Gazeteci Carol Cadwalladr, bu tehlikeyi dile getirdiği için yıllarca hukuki tacize uğradı. Teknoloji, sadece mahremiyetimizi değil, aynı zamanda demokratik haklarımızı da tehdit eder hale geldi.
Teknolojinin Servet Uçurumu Yaratması
Teknoloji sadece hayatı kolaylaştırmakla kalmıyor; gelir adaletsizliğini de artırıyor. Bir yanda trilyon dolarlık teknoloji şirketleri, diğer yanda dijital tuzaklara düşmüş kullanıcılar. Abonelik iptallerinin neredeyse imkansız hale gelmesi, küçük ücretlerin büyük sorunlara dönüşmesi, her şey kullanıcıya karşı kurulmuş bir düzen hissi yaratıyor.
Tüm Bunların Ortak Noktası: Kullanıcısız Kullanıcı Deneyimi
UX (kullanıcı deneyimi) eskiden kullanıcıyı merkeze alan bir alandı. Bugün ise kullanıcı deneyimi, kullanıcıyı dışlayan bir hale geldi. Hangi uygulamaya girerseniz girin, hissiyat hep aynı: “Bu platform benim için değil; ben bu platform için varım.” Google’da bir şey aramak bile artık bilgi bulma çabası değil, reklamları atlatma savaşı gibi.
Çıkış Yolu: Analogun Sessiz Direnişi
Bu dijital bıkkınlık karşısında dünya çapında – Türkiye dahil – ilginç bir eğilim ortaya çıktı: fiziksel medya geri dönüyor. Kitaplar, CD’ler, plaklar, DVD’ler yeniden ilgi görüyor. Bir kitap, abonelik bittiği için rafınızdan silinmez. Bir plak, veri toplamaz. Analog kamera, sizden hesap açmanızı istemez. Çünkü bu araçlar sadece işlevsel değil; aynı zamanda insanidir.

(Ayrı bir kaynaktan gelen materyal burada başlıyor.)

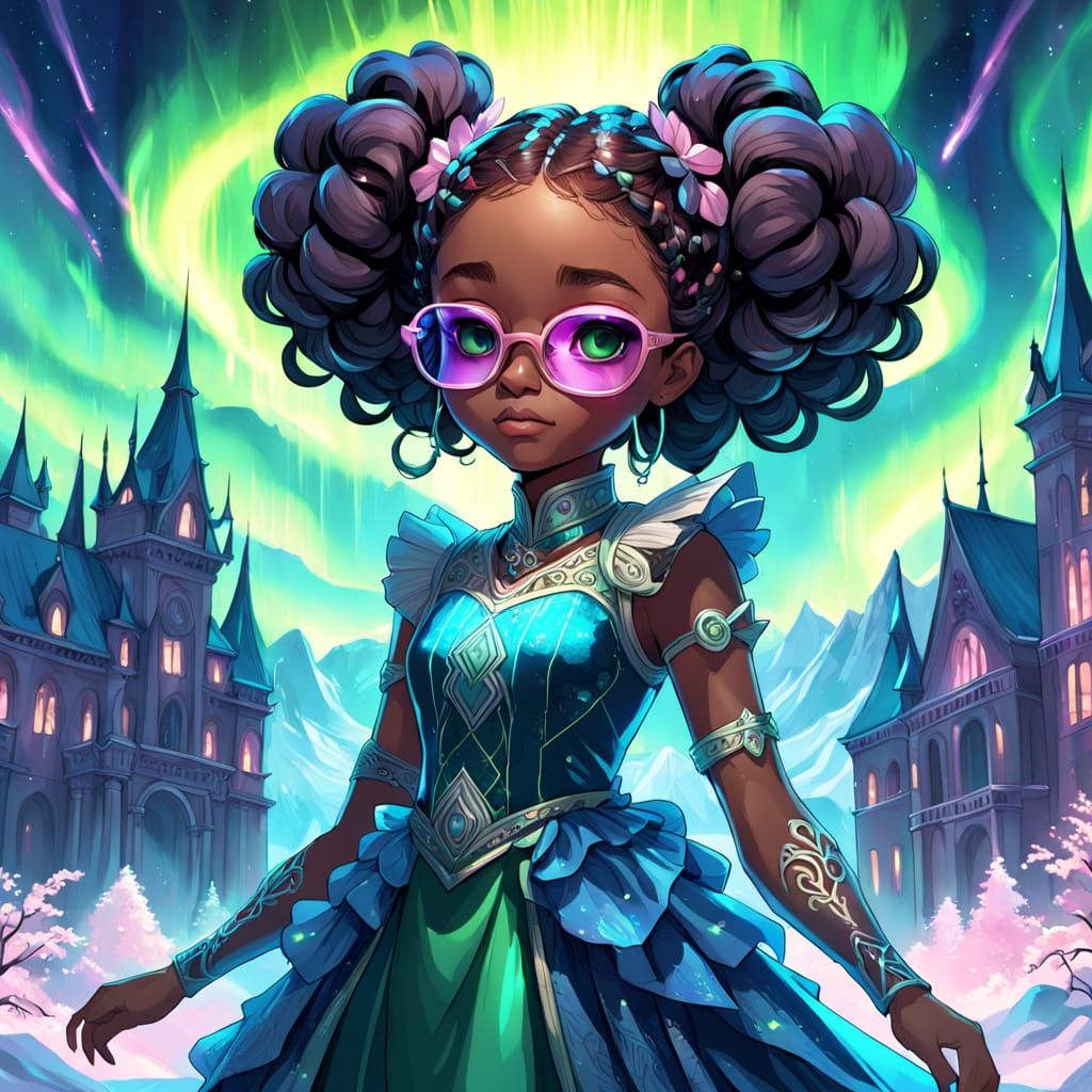 A vibrant digital painting of a joyful young girl in pink glasses and a blue dress, standing before a palace made of the aurora borealis. Features luminous lighting and a deep blue and green color scheme.

İnsan Deneyimi: Hız Değil, Anlam Arıyoruz
Bugün medya içerikleri, tıpkı toz mama gibi hızlı tüketilen, duygusuz ürünlere dönüştü. Oysa insan, yalnızca beslenmek için değil, birlikte yemek yemek için de yemek yer. Bir albümü plak olarak dinlemek, bir kitabı fiziksel olarak okumak, bir anıyı dijital değil, analog bir kamera ile kaydetmek: tüm bunlar, insan olmanın anlamını yeniden inşa ediyor.
İlham Veren Direniş: Sessiz Devrim
Tüm bu gelişmeler, büyük bir “hissetme” değişimini yansıtıyor. Kendi kararlarımızı verme, kendi zevkimizi seçme, zamanımızı nasıl değerlendireceğimize kendimizin karar vermesi gibi insani haklarımızı geri istiyoruz.
Fiziksel medya; sahiplik, kontrol, nostalji ve yavaş tüketim duygusunu geri getiriyor. Bunlar ölçülemez ama gerçek olan değerlerdir.
Ve Unutmadan: İnsanlık Hala Burada
Charlie Chaplin, 1940’ta yaptığı Büyük Diktatör filmindeki konuşmasında şunları söylemişti:
Makinalar bolluk verirken bizleri yoksul bıraktı. Zekamız bizi alaycı, akıllılığımız bizi zalim yaptı. Çok düşünüyoruz, az hissediyoruz. İnsanlığa her zamankinden daha çok ihtiyacımız var.
Bugün hâlâ aynı yerdeyiz. Teknoloji gelişti ama insanlık yorgun. Çözüm ise çok da karmaşık değil. Belki biraz yavaşlamak, biraz hissetmek ve dijital olanı değil, insani olanı tercih etmek yeterli olacak.